In October, Superfast Ferries decided not to renew its Aegean routes for 2018. The Superfast XII was then sold to the Italian company Grimaldi Lines. It completed its last crossing under the Greek flag on 18 May 2018.

==== Grimaldi Lines (since 2018) ====
After a brief period at the Perama shipyards, the ship was delivered to Grimaldi Lines. Renamed Cruise Ausonia, it entered service between mainland Italy and Sardinia in June 2018. In order not to delay its entry into service, the ship retains the characteristic red hull of Superfast during the summer season, on which the logos of the Greek company are replaced by those of Grimaldi.

On 28 October, while crossing from Palermo, Sicily, to Livorno, a fire broke out in the engine room around 3:00 a.m. off the island of Ustica. The 262 passengers were immediately awakened by the crew and led to assembly points, equipped with their life jackets. While the crew managed to extinguish the blaze, the captain started the remaining engine to return to Palermo. Two Italian Coast Guard patrol boats, one from the marine fire brigade, and the Grandi Navi Veloci ferry Majestic escorted the Cruise Ausonia back to Sicily, as the sirocco wind hampered progress and slowed the ship. The Cruise Ausonia finally reached Palermo later that morning. Taken to Genoa for repairs, the ship was also fitted with a fume cleaning system, commonly known as scrubbers, to reduce its sulfur emissions. It was also repainted in Grimaldi Lines colours.

== Facilities ==
The Cruise Ausonia has 9 decks. Although the ship actually spans 11 decks, the non-existent decks 4 and 6 are still counted, and their absence does not create a discrepancy in the deck numbering. Passenger quarters occupy all of decks 7 and 8 and part of decks 9 and 10. The crew is housed on the forward section of deck 9. Decks 3 and 5 are entirely dedicated to the car deck, as are the forward sections of decks 1 and 2.

=== Common areas ===
Originally used on a relatively long route, the Cruise Ausonia is equipped accordingly in terms of passenger facilities. On deck 7, passengers have access to two dining areas (à la carte and buffet), three bars (lounge bar, nightclub bar, and brasserie bar), as well as a shop and a casino. A lido bar with a swimming pool is also located on deck 10 in the center of the ship.

=== Cabins ===
The Cruise Ausonia has 198 cabins located on decks 8 and 9 towards the front of the ship.
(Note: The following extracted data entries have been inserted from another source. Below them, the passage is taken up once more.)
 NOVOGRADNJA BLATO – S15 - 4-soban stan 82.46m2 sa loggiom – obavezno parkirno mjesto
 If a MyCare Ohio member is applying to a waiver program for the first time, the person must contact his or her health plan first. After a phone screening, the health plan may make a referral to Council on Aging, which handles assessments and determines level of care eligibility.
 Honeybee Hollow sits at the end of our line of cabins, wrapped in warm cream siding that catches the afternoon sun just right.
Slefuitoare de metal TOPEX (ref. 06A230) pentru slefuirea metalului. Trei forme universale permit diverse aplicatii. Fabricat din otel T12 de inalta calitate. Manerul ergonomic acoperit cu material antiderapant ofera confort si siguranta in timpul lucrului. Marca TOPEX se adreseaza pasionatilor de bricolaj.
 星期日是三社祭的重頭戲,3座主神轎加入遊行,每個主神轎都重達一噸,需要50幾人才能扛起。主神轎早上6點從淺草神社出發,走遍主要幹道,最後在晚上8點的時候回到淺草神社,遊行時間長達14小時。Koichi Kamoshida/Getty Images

With a capacity of two to four people, all are equipped with full bathrooms including shower, toilet and sink.

== Features ==
The Cruise Ausonia is 199.90 meters long and 25 meters wide, with a gross tonnage of 30,902 GT. The ship has a capacity of 1,427 passengers and a 1,900-meter-long garage that can accommodate 653 vehicles on four levels, as well as 130 trailers. The garage is accessible via two ramp doors located at the stern. The Cruise Ausonia is powered by four Wärtsilä-Sulzer 12V46C diesel engines, each producing 48,000 kW of power, driving two propellers and propelling the vessel at a speed of 28.6 knots. The ship carries four large lifeboats, a rigid inflatable rescue boat, and several life rafts.

== Routes served ==
For Superfast Ferries, the Superfast XI initially operated routes between Greece and Italy on the Patras - Igoumenitsa - Corfu - Italy route. Transferred in 2009 to routes to Crete between Piraeus and Heraklion, it returned to the Greek-Italian service from 2013 to 2015. It then sailed between Piraeus and the Cyclades and Dodecanese archipelagos, primarily to the islands of Syros, Patmos, Leros, Kos, and Rhodes, from 2015 to 2018.
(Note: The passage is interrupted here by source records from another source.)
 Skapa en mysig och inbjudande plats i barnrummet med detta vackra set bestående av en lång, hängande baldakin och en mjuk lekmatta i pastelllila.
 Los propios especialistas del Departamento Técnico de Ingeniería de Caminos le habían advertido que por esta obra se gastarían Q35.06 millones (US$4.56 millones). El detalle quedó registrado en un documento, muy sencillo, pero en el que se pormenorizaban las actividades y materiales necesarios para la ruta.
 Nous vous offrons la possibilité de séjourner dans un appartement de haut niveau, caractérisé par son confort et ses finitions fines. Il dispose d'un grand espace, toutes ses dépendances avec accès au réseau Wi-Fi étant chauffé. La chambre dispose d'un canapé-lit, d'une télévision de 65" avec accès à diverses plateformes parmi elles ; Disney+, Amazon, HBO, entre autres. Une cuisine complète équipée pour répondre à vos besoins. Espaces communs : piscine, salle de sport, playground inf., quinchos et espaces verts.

Since 2018, the Cruise Ausonia has sailed on the Grimaldi Lines routes. Initially used primarily on routes to Sardinia between Civitavecchia and Olbia, it is now also based in Sicily, serving Palermo, first from Livorno and then from Naples. In October 2022, it was also deployed on the now suspended link connecting Italy, Spain and Morocco on the Savona - Barcelona - Tangier line.